Hi,
Some time ago we discussed password rotation in another thread - http://www.asprunner.com/forums/topic/21878-password-rotation
I have now done some additional functionality to stop password reuse. This will stop the use of a password used within the past 365 days, based on the last used date. This technique is much better than a limit of 3 or 5 passwords before allowing reuse, because it allows the user to change their password as much as they like, but still not be able to cycle through the passwords to get back to their favorite.
Additional thoughts: I am using PHPRunner 7.1 Enterprise Edition and I do have password hashing/encryption enabled. If you do not have it enabled then you can still use this, just remove the md5() function calls.
First- I created a table to store password history, and populated it with existing user data.
CREATE TABLE IF NOT EXISTS `users_password_history` (
`id` int(10) unsigned NOT NULL AUTO_INCREMENT,
`user_id` mediumint(8) unsigned NOT NULL,
`password` varchar(32) NOT NULL,
`first_used` timestamp NOT NULL DEFAULT CURRENT_TIMESTAMP,
`last_used` timestamp NOT NULL DEFAULT NULL,
PRIMARY KEY (`id`),
KEY `userid_password_idx` (`user_id`,`password`)

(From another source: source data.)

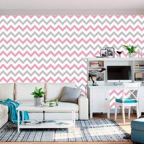 Papel Parede Chevron Rosa Branco E Cinza Adesivo Decorativo
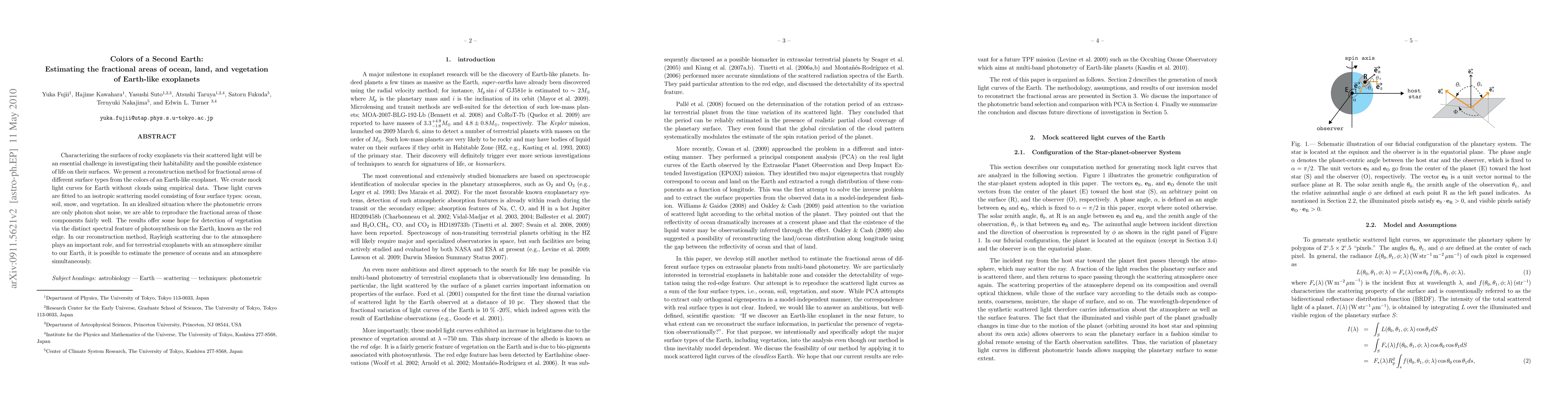 This paper proposes a method to estimate the fractional areas of ocean, land, and vegetation on Earth-like exoplanets using photometric data. The authors create mock light curves and fit them to an isotropic scattering model to determine the surface composition, potentially detecting vegetation via the red edge effect.
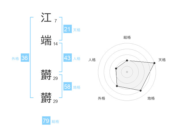 江端 欝欝さんの総格は79画の2点!
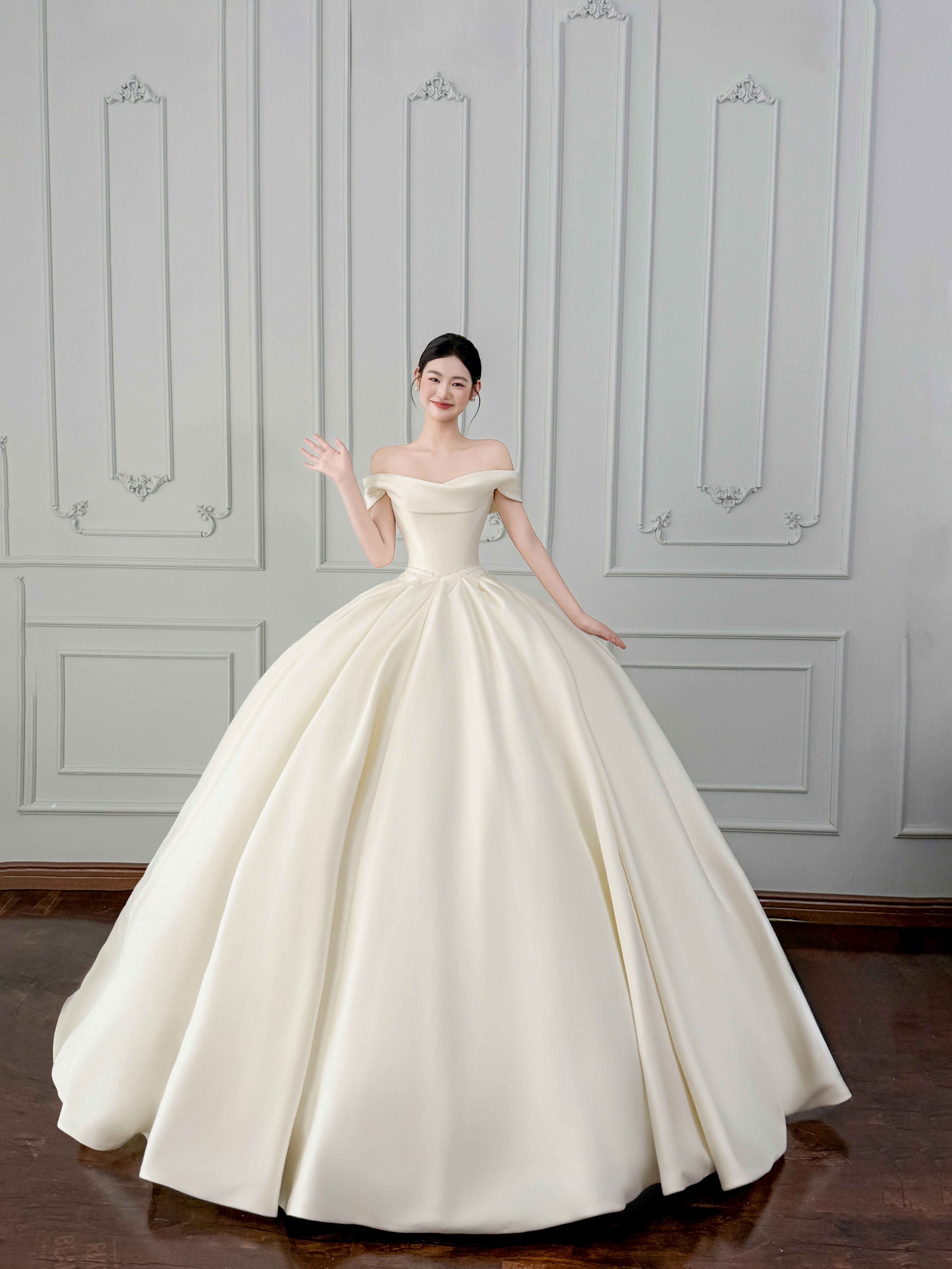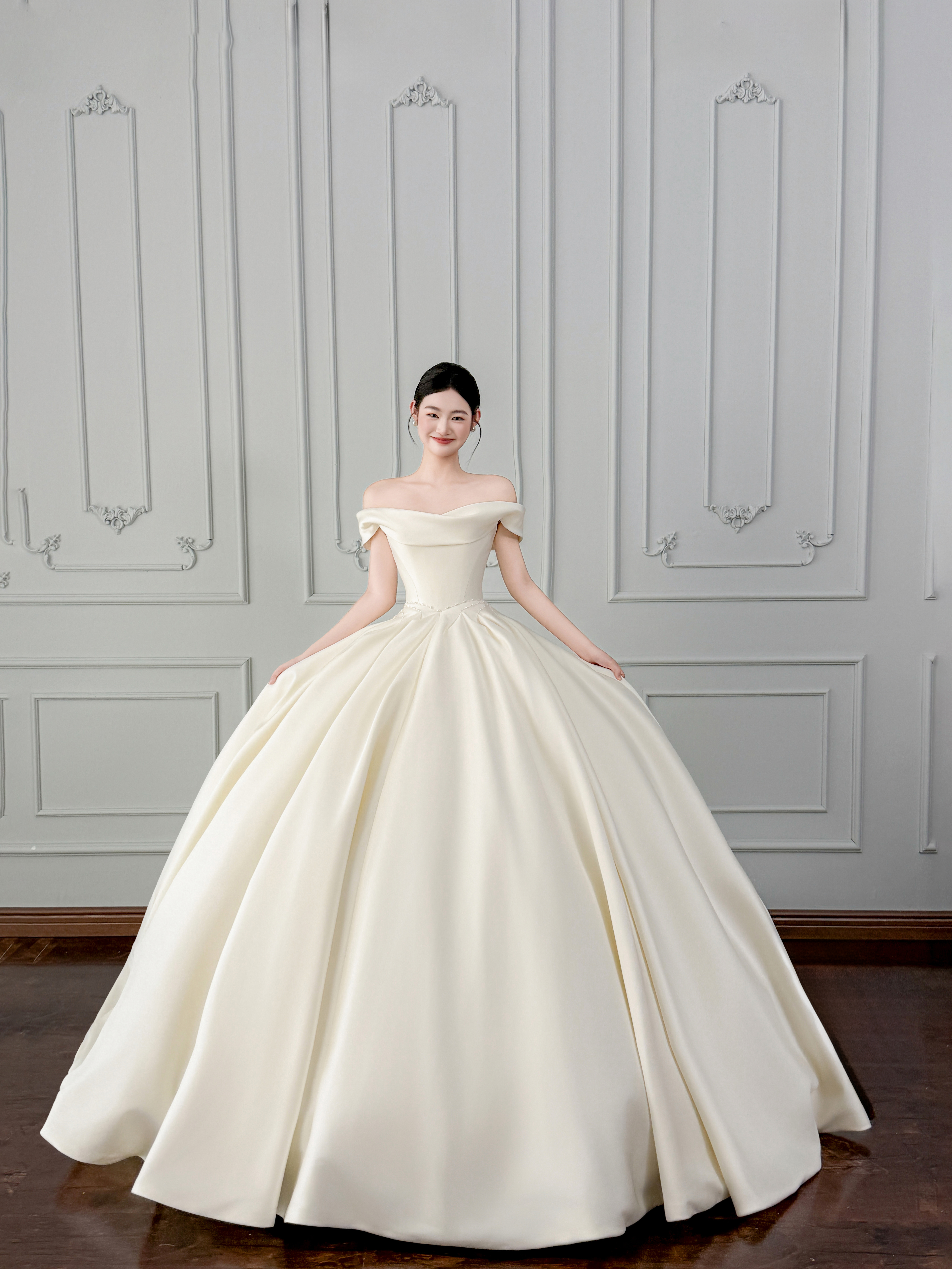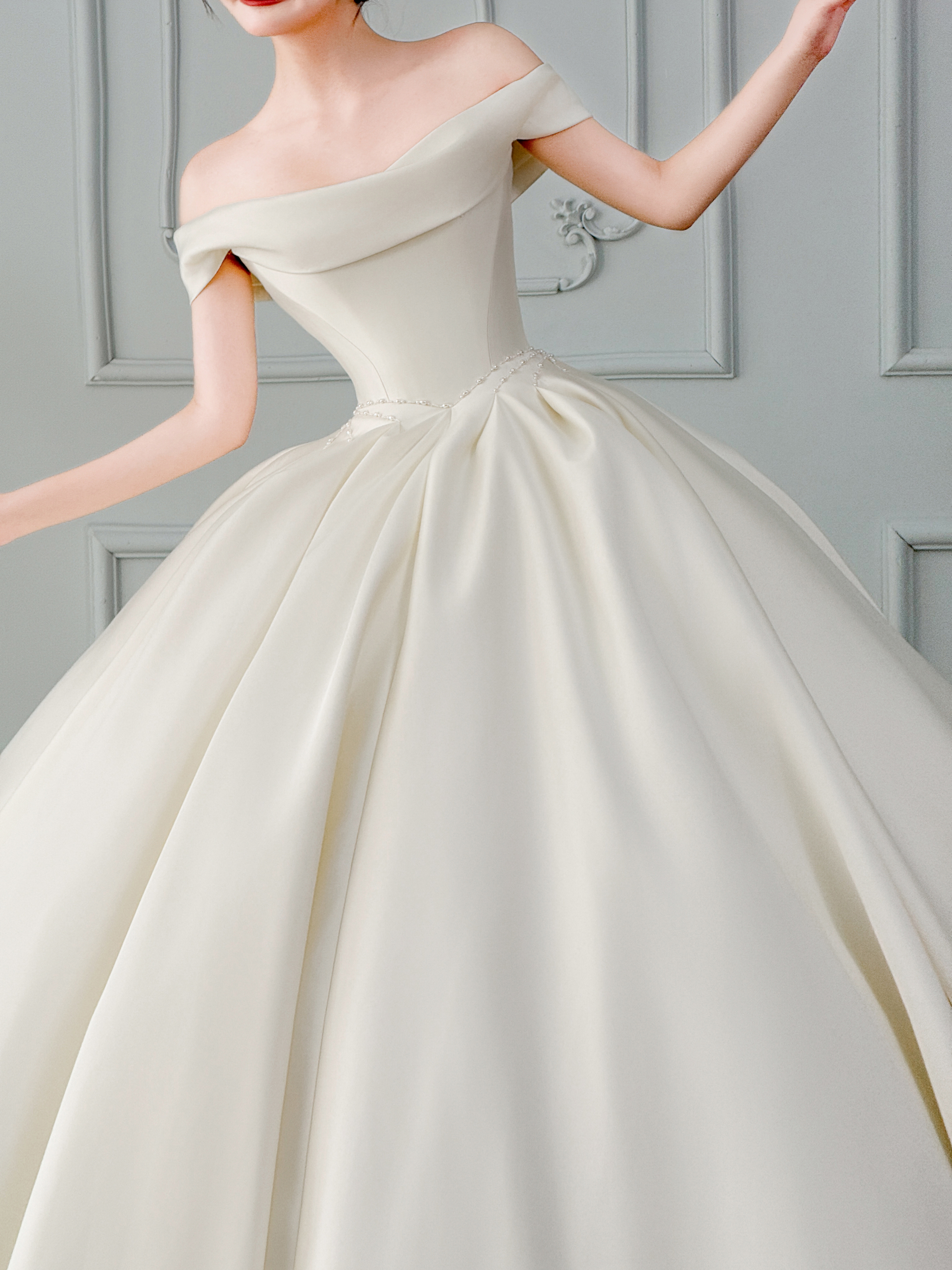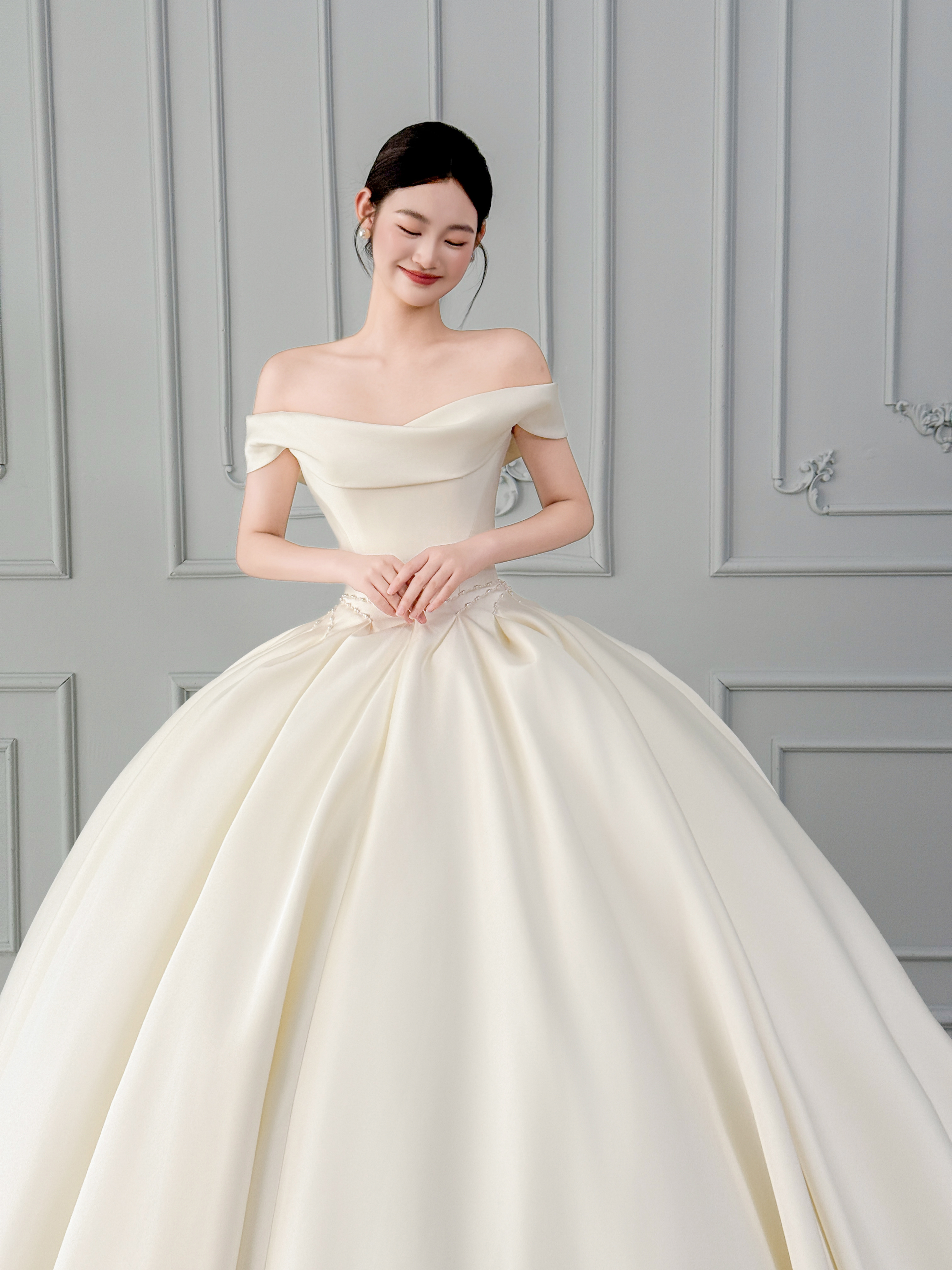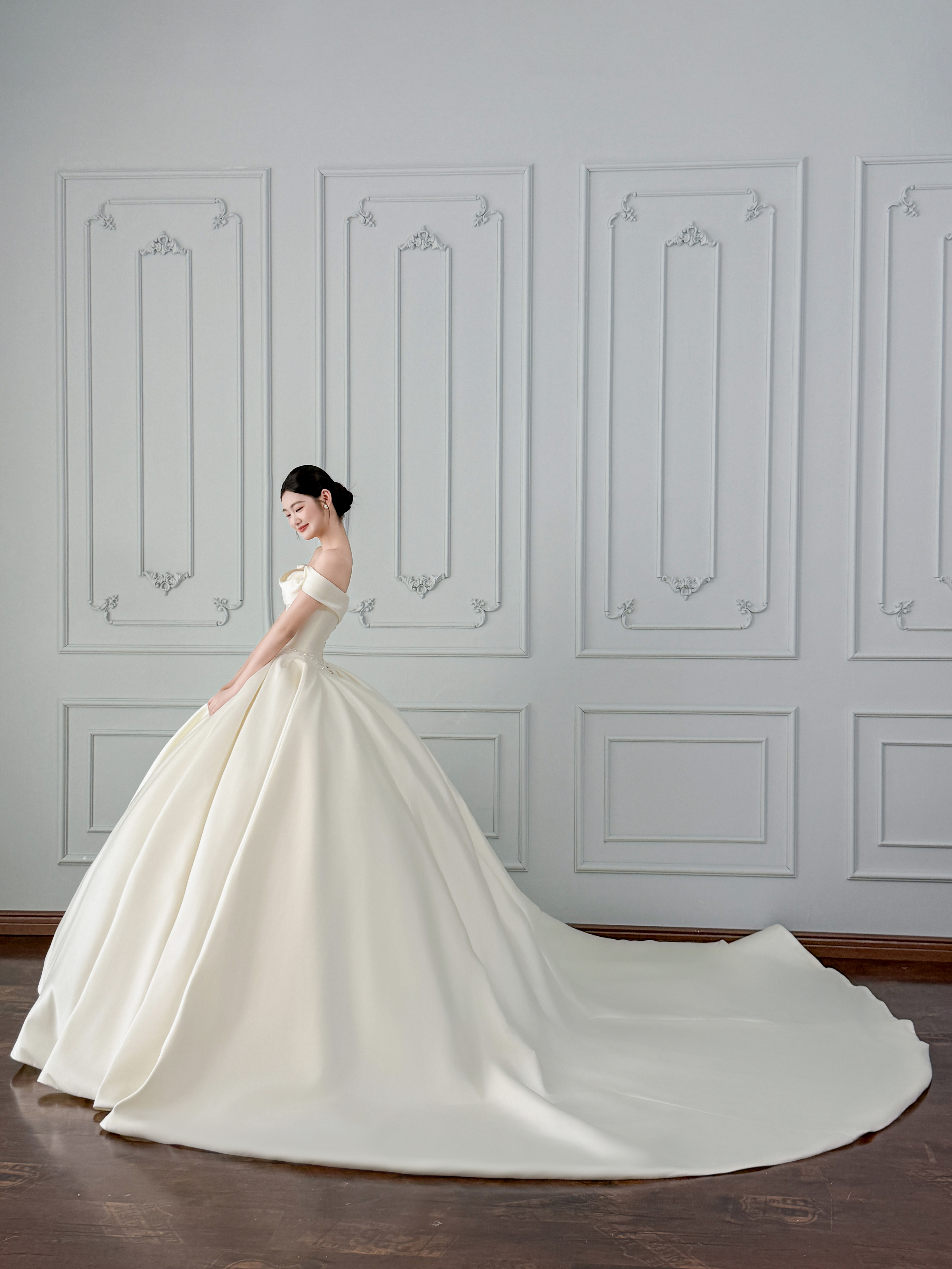 • LIXI 礼玺 天使碎片系列【暮雪】 干净高级感婚纱,永远都是浪漫宗旨 自带光泽感的缎面 如云朵般轻柔地包裹着少女曼妙 一字肩的设计,定格在领口 自然又显瘦 优雅和高级珍珠 配缎质感封神#清冷白月光缎面婚纱

) ENGINE=InnoDB DEFAULT CHARSET=latin1 AUTO_INCREMENT=1 ;
INSERT INTO `users_password_history` (user_id, password) SELECT id, password FROM users;
The first_used isn't actually used for anything but I figure it may come in useful someday.
Second- I added the following to the Events - Change password page - Before change password
//Check the history table to ensure we want to allow this change. If any matches are found (return value is > 0) then return false, else return true.
$history_count = DBLookup("SELECT count(id) FROM users_password_history WHERE user_id = " . $_SESSION["user_id"] . " and password = \"" . md5($newpassword) . "\" and datediff(curdate(), last_used) <= 365");
if($history_count != 0) {
$_SESSION["password_reuse"] = "true";
}
return $history_count == 0;
Third- I added the following to the Events - Change password page - After password changed
global $conn;
//Update last_used in the password history table
$password_history_id = DBLookup("SELECT id FROM users_password_history WHERE user_id = " . $_SESSION["user_id"] . " and password = \"" . md5($oldpassword) . "\"");
if($password_history_id) {
$str = "UPDATE users_password_history SET last_used = NOW() WHERE id = " . $password_history_id;
db_query($str,$conn);
}
$str = "INSERT INTO users_password_history (user_id, password) VALUES(" . $_SESSION["user_id"] . ", \"" . md5($newpassword) . "\")";
db_query($str,$conn);
Fourth- I added the following to the Events - Change password page - Before display
//Set the custom message for password change failure due to reuse.
if(isset($_SESSION["password_reuse"])){
$msg .= "You are attempting to reuse a password too soon.<br /><br />";
unset($_SESSION["password_reuse"]);
}
$msg .= "Your new password must:<br />Have not been used in the past 365 days<br />Be at least 8 characters<br />Contain at least 4 unique characters<br />Contain at least 2 digits or symbols<br />Contain letters in both upper and lower case<br />";
$xt->assign("message", $msg);
$xt->assign("message_block",true);
Fifth- I added the following to the Events - admin_users - Add page - After record added
global $conn;
//Add the password history in for newly created users
$str = "INSERT INTO users_password_history (user_id, password) VALUES(" . $values["id"] . ", \"" . $values["password"] . "\")";
db_query($str,$conn);
I updated this based on posts below. Thanks for the help. Good luck!